## Data
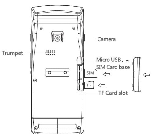 Przenośny terminal AP02 posiada zestaw bezprzewodowych interfejsów komunikacyjnych. Jest wyposażony w duży czytelny wyświetlacz w technologii IPS oraz pojemnościowy ekran dotykowy. Terminal ma trzy wydzielone przyciski do regulacji głośności i włączania zasilania. Wbudowana pamięć ma dużą pojemność, którą można powiększyć instalując kartę pamięci typu TF. Instalacja kart pamięci i SIM jest bardzo łatwa, co ilustruje rysunek.
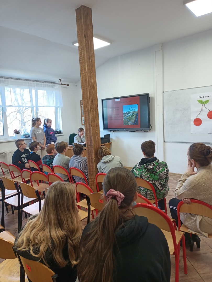 Szefami projektu w naszej szkole jest grupa Eko Czynni na czele z Adamem, Hanią i Marysią uczniami klasy VI. Ich pracę koordynuje Pani Basia- nasza szkolna przyrodniczka. Do tej pory udało nam się pozyskać niezbędną wiedzę, uczestniczyliśmy w zajęciach edukacyjnych. Poszukiwaliśmy sadowników w naszym terenie. Zwieńczeniem pracy była szkolna konferencja na której podzieliliśmy się z kolegami i koleżankami naszymi działaniami oraz celami realizowanego projektu.
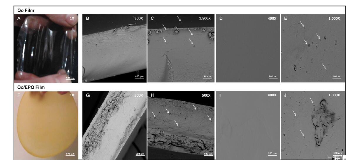 Qo和Qo/EPQ的印刷膜示于圖3A和F。圖3B示出了Qo膜的橫截面,圖3G示出了EPQ/Qo膜的橫截面。Qo膜具有均勻、柔軟、光滑、連續(xù)的結(jié)構(gòu),具有良好的完整性和孔隙。相比之下,混合膜具有帶有孔隙和裂縫的異質(zhì)結(jié)構(gòu)。Qo-乳清蛋白薄膜(Kurek、Galus和Debeaufor,2014年)和Qo-明膠薄膜(Kurek等人,2012年;Rivero、García和Pinotti,2009年;Torres、Aimoli、Beppu和弗雷利希,2005年)。這些作者將這些由碳水化合物和蛋白質(zhì)混合物制備的薄膜的異質(zhì)結(jié)構(gòu)歸因于干燥過程(溶劑前沿的遷移)。Qo/EPQ薄膜的干燥時間是Qo薄膜的1.8倍,表明水分子通過混合薄膜的擴散速度較慢。此外,混合物的pH值(pH 3.8)接近藜麥蛋白的等電點(Abugoch,Romero,Tapia,Rivera,&Silva,2008),這可能會引發(fā)復雜的凝聚和某些蛋白質(zhì)組分的沉淀,導致Ferreira等人描述的熱力學不相容性。(2009),當乳清蛋白和Qo的混合物被酸化以獲得混合膜時,他觀察到了這種現(xiàn)象。
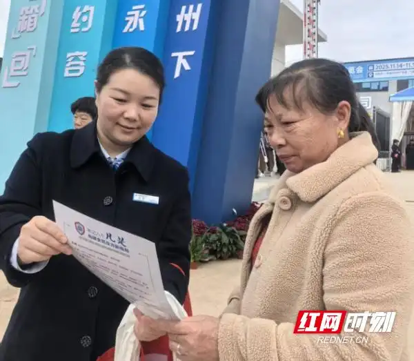 近日,在蓝山国际皮具箱包博览会现场,各式各样的箱包将展台挤得满满当当,“保障金融权益 助力美好生活”的红色横幅,把不少逛展人的目光吸引了过来——建行永州蓝山支行的“金融服务角”,就扎在了最热闹的展区入口。
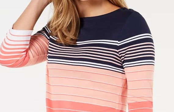 Charter Club Women's Pima Cotton Button-Shoulder Striped Top Pink Size Petite Medium
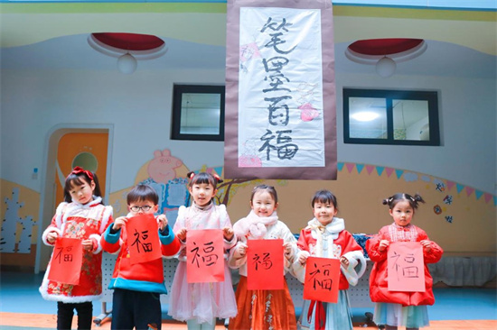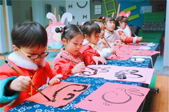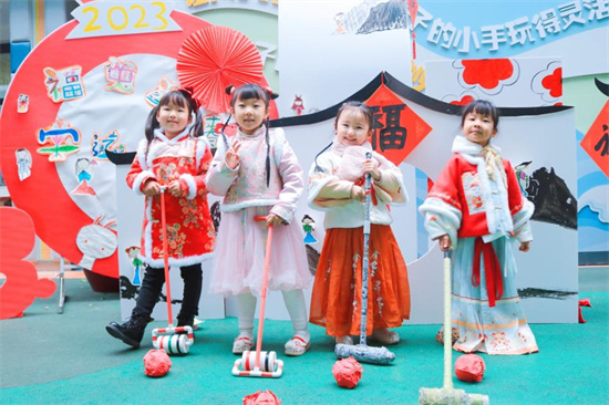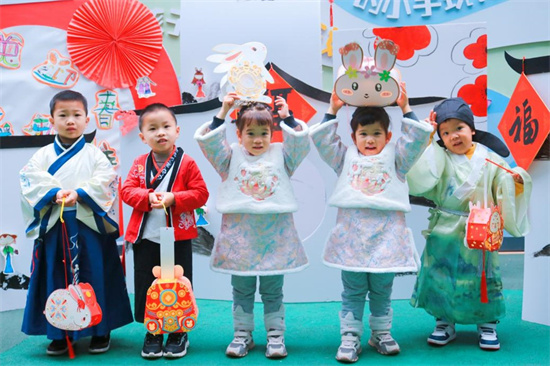 老师们把宋式美学搬进幼儿园里,为萌娃们开启了一场宋韵之旅。插花、宋词、剪窗花、写百福、猜灯谜、做兔灯等沉浸式体验活动,让萌娃们感受“风雅处处是平常”的宋文化。
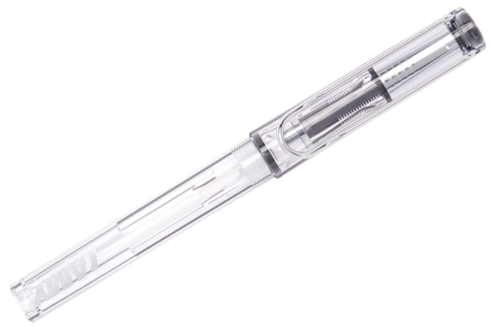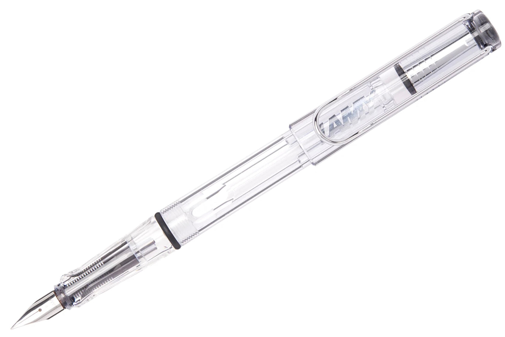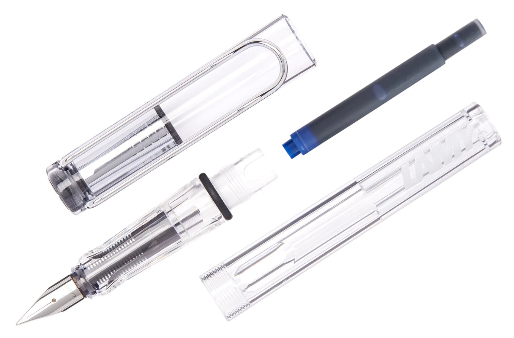 This clear demonstrator LAMY vista fountain pen, essentially the clear version of the LAMY safari, has silver trim and an interchangeable silver steel nib. It features a triangular grip for proper hand position when writing. It comes with a blue LAMY ink cartridge to get you started writing right away.
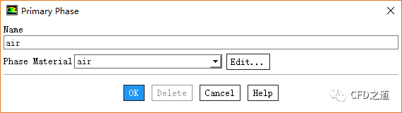 鼠标双击模型树节点Models > Multiphase > Phase > phase-1-Primary Phase,设置主相为air,如下图所示
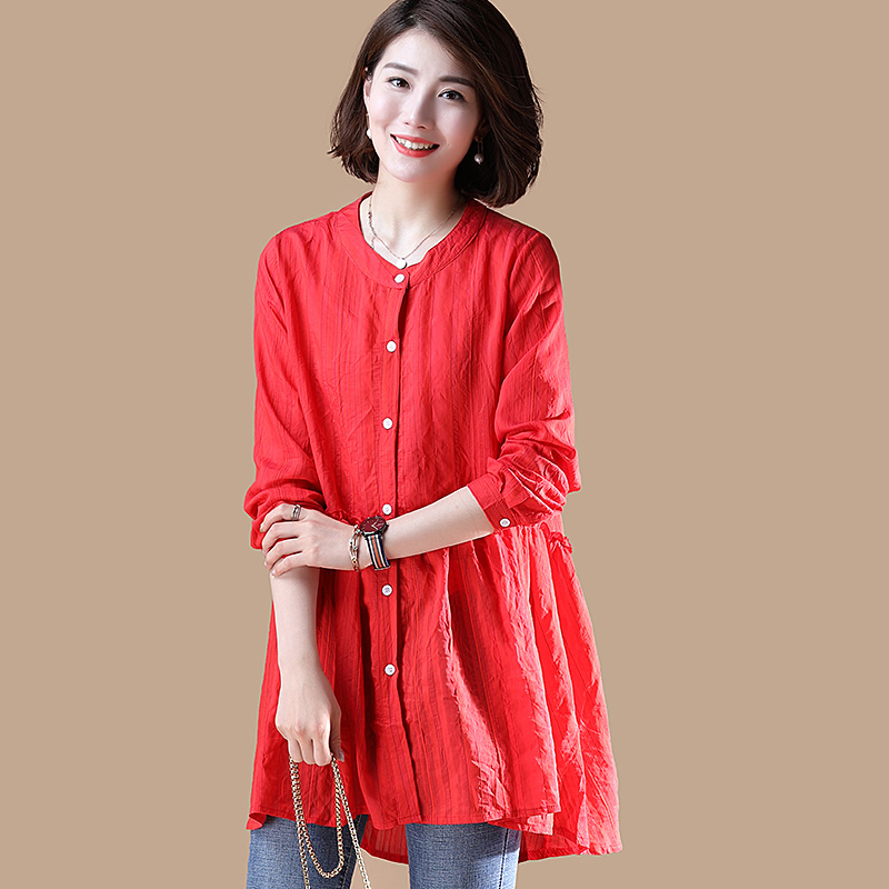 قميص نسائي مخطط متوسط الطول مع تأثير تنحيف
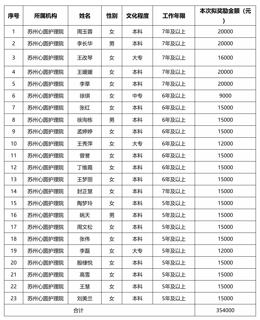 根據(jù)《蘇州市養(yǎng)老從業(yè)隊(duì)伍培訓(xùn)和入職獎(jiǎng)勵(lì)管理辦法》(蘇政民老〔2019〕10號(hào))文件,經(jīng)個(gè)人申請(qǐng)、養(yǎng)老機(jī)構(gòu)申報(bào),區(qū)民政部門核實(shí)的符合條件享受2024年度入職獎(jiǎng)勵(lì)的養(yǎng)老機(jī)構(gòu)從業(yè)人員發(fā)放名單、擬發(fā)放金額予以公示。
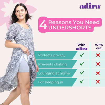 Adira undershorts for women and teens are more than just innerwear they are a comfort essential designed to keep you feeling secure and confident all day long. Whether you're heading to school, running errands, or simply relaxing at home, these undershorts provide seamless coverage, prevent chafing, and eliminate wardrobe malfunctions.

## Problem description
Without the pictures, repeat all the records word for word.

## Solution
 Przenośny terminal AP02 posiada zestaw bezprzewodowych interfejsów komunikacyjnych. Jest wyposażony w duży czytelny wyświetlacz w technologii IPS oraz pojemnościowy ekran dotykowy. Terminal ma trzy wydzielone przyciski do regulacji głośności i włączania zasilania. Wbudowana pamięć ma dużą pojemność, którą można powiększyć instalując kartę pamięci typu TF. Instalacja kart pamięci i SIM jest bardzo łatwa, co ilustruje rysunek.
 Szefami projektu w naszej szkole jest grupa Eko Czynni na czele z Adamem, Hanią i Marysią uczniami klasy VI. Ich pracę koordynuje Pani Basia- nasza szkolna przyrodniczka. Do tej pory udało nam się pozyskać niezbędną wiedzę, uczestniczyliśmy w zajęciach edukacyjnych. Poszukiwaliśmy sadowników w naszym terenie. Zwieńczeniem pracy była szkolna konferencja na której podzieliliśmy się z kolegami i koleżankami naszymi działaniami oraz celami realizowanego projektu.
 Qo和Qo/EPQ的印刷膜示于圖3A和F。圖3B示出了Qo膜的橫截面,圖3G示出了EPQ/Qo膜的橫截面。Qo膜具有均勻、柔軟、光滑、連續(xù)的結(jié)構(gòu),具有良好的完整性和孔隙。相比之下,混合膜具有帶有孔隙和裂縫的異質(zhì)結(jié)構(gòu)。Qo-乳清蛋白薄膜(Kurek、Galus和Debeaufor,2014年)和Qo-明膠薄膜(Kurek等人,2012年;Rivero、García和Pinotti,2009年;Torres、Aimoli、Beppu和弗雷利希,2005年)。這些作者將這些由碳水化合物和蛋白質(zhì)混合物制備的薄膜的異質(zhì)結(jié)構(gòu)歸因于干燥過程(溶劑前沿的遷移)。Qo/EPQ薄膜的干燥時間是Qo薄膜的1.8倍,表明水分子通過混合薄膜的擴散速度較慢。此外,混合物的pH值(pH 3.8)接近藜麥蛋白的等電點(Abugoch,Romero,Tapia,Rivera,&Silva,2008),這可能會引發(fā)復雜的凝聚和某些蛋白質(zhì)組分的沉淀,導致Ferreira等人描述的熱力學不相容性。(2009),當乳清蛋白和Qo的混合物被酸化以獲得混合膜時,他觀察到了這種現(xiàn)象。
 近日,在蓝山国际皮具箱包博览会现场,各式各样的箱包将展台挤得满满当当,“保障金融权益 助力美好生活”的红色横幅,把不少逛展人的目光吸引了过来——建行永州蓝山支行的“金融服务角”,就扎在了最热闹的展区入口。
 Charter Club Women's Pima Cotton Button-Shoulder Striped Top Pink Size Petite Medium
 老师们把宋式美学搬进幼儿园里,为萌娃们开启了一场宋韵之旅。插花、宋词、剪窗花、写百福、猜灯谜、做兔灯等沉浸式体验活动,让萌娃们感受“风雅处处是平常”的宋文化。
 This clear demonstrator LAMY vista fountain pen, essentially the clear version of the LAMY safari, has silver trim and an interchangeable silver steel nib. It features a triangular grip for proper hand position when writing. It comes with a blue LAMY ink cartridge to get you started writing right away.
 鼠标双击模型树节点Models > Multiphase > Phase > phase-1-Primary Phase,设置主相为air,如下图所示
 قميص نسائي مخطط متوسط الطول مع تأثير تنحيف
 根據(jù)《蘇州市養(yǎng)老從業(yè)隊(duì)伍培訓(xùn)和入職獎(jiǎng)勵(lì)管理辦法》(蘇政民老〔2019〕10號(hào))文件,經(jīng)個(gè)人申請(qǐng)、養(yǎng)老機(jī)構(gòu)申報(bào),區(qū)民政部門核實(shí)的符合條件享受2024年度入職獎(jiǎng)勵(lì)的養(yǎng)老機(jī)構(gòu)從業(yè)人員發(fā)放名單、擬發(fā)放金額予以公示。
 Adira undershorts for women and teens are more than just innerwear they are a comfort essential designed to keep you feeling secure and confident all day long. Whether you're heading to school, running errands, or simply relaxing at home, these undershorts provide seamless coverage, prevent chafing, and eliminate wardrobe malfunctions.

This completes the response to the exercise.